▶ _Task statement_:
Only the lines below, from the one with "赵今麦的娃娃脸极具特色。那圆" through the one with "My elder son", are to be written out, exactly.

*** Supplied information ***

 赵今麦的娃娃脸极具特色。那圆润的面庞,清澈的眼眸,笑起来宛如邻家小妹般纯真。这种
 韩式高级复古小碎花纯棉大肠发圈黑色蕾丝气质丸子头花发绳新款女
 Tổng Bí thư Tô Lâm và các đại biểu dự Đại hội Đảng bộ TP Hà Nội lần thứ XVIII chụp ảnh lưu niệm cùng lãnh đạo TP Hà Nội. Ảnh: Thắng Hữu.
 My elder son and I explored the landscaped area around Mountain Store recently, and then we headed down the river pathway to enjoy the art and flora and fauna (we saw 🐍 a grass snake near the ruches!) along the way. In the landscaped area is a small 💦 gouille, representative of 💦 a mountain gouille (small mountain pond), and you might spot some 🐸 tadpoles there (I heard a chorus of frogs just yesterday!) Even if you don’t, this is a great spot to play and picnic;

*** End of Supplied information ***
*** Supplied information ***

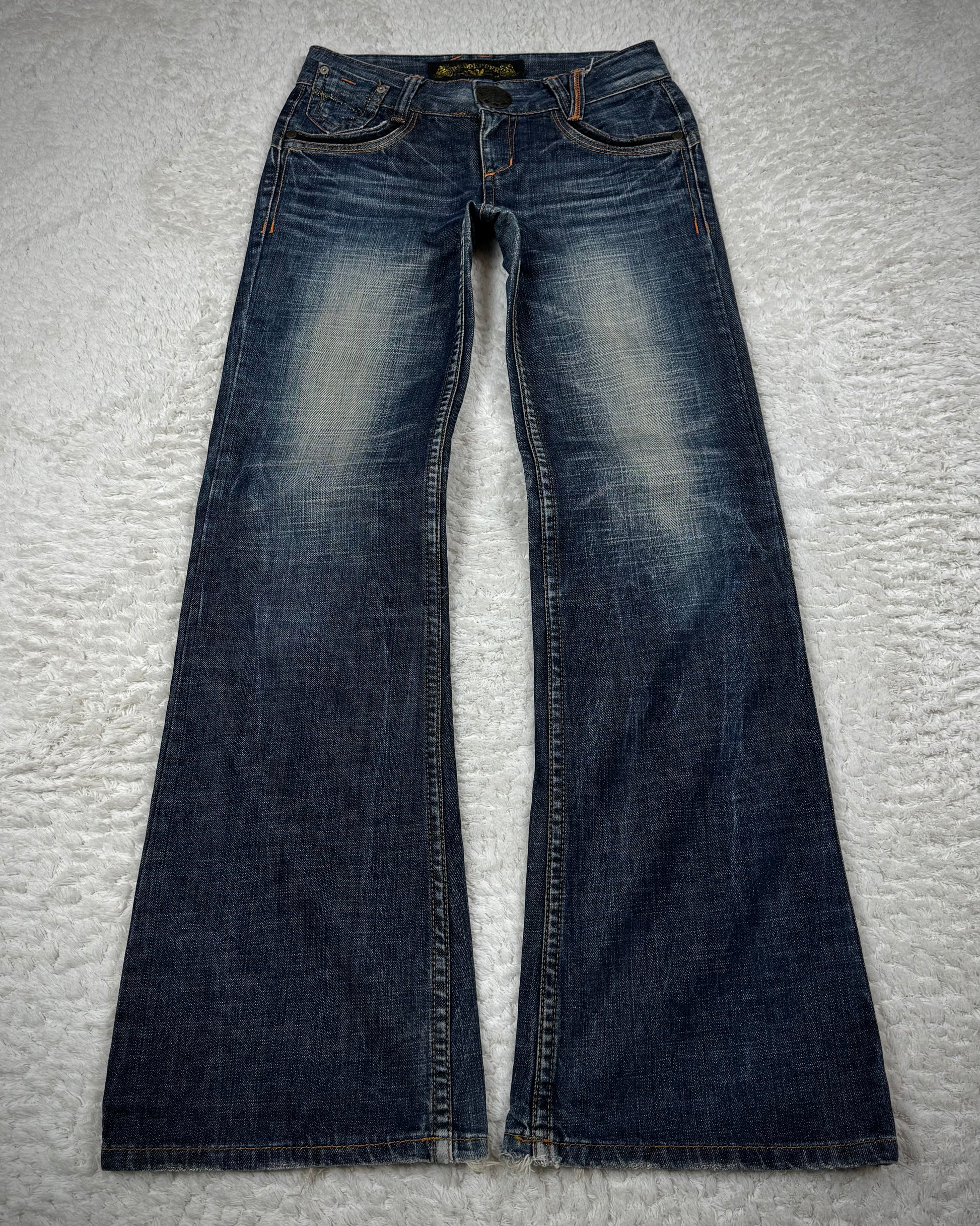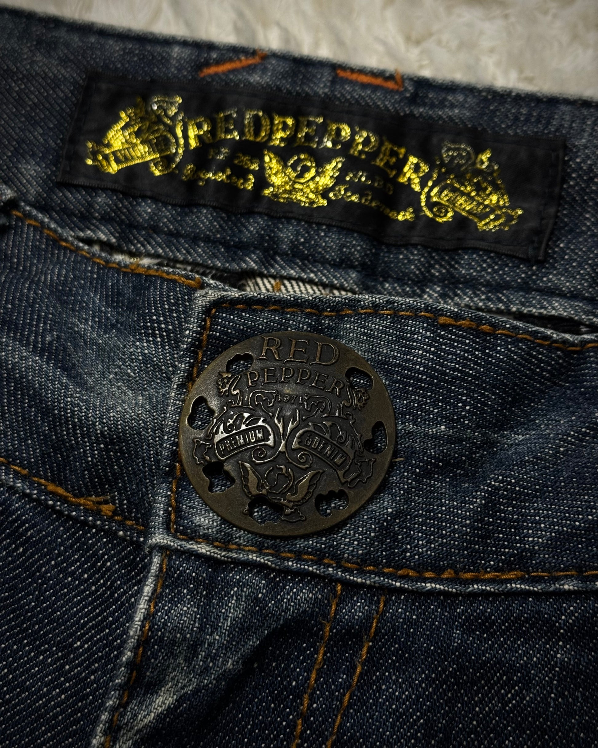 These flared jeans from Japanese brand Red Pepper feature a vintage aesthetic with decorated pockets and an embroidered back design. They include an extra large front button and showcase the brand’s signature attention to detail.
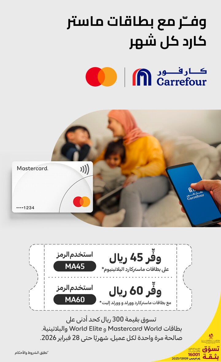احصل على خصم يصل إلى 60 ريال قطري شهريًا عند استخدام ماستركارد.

*** End of Supplied information ***

▶ _Result below_:
 赵今麦的娃娃脸极具特色。那圆润的面庞,清澈的眼眸,笑起来宛如邻家小妹般纯真。这种
 韩式高级复古小碎花纯棉大肠发圈黑色蕾丝气质丸子头花发绳新款女
 Tổng Bí thư Tô Lâm và các đại biểu dự Đại hội Đảng bộ TP Hà Nội lần thứ XVIII chụp ảnh lưu niệm cùng lãnh đạo TP Hà Nội. Ảnh: Thắng Hữu.
 My elder son and I explored the landscaped area around Mountain Store recently, and then we headed down the river pathway to enjoy the art and flora and fauna (we saw 🐍 a grass snake near the ruches!) along the way. In the landscaped area is a small 💦 gouille, representative of 💦 a mountain gouille (small mountain pond), and you might spot some 🐸 tadpoles there (I heard a chorus of frogs just yesterday!) Even if you don’t, this is a great spot to play and picnic;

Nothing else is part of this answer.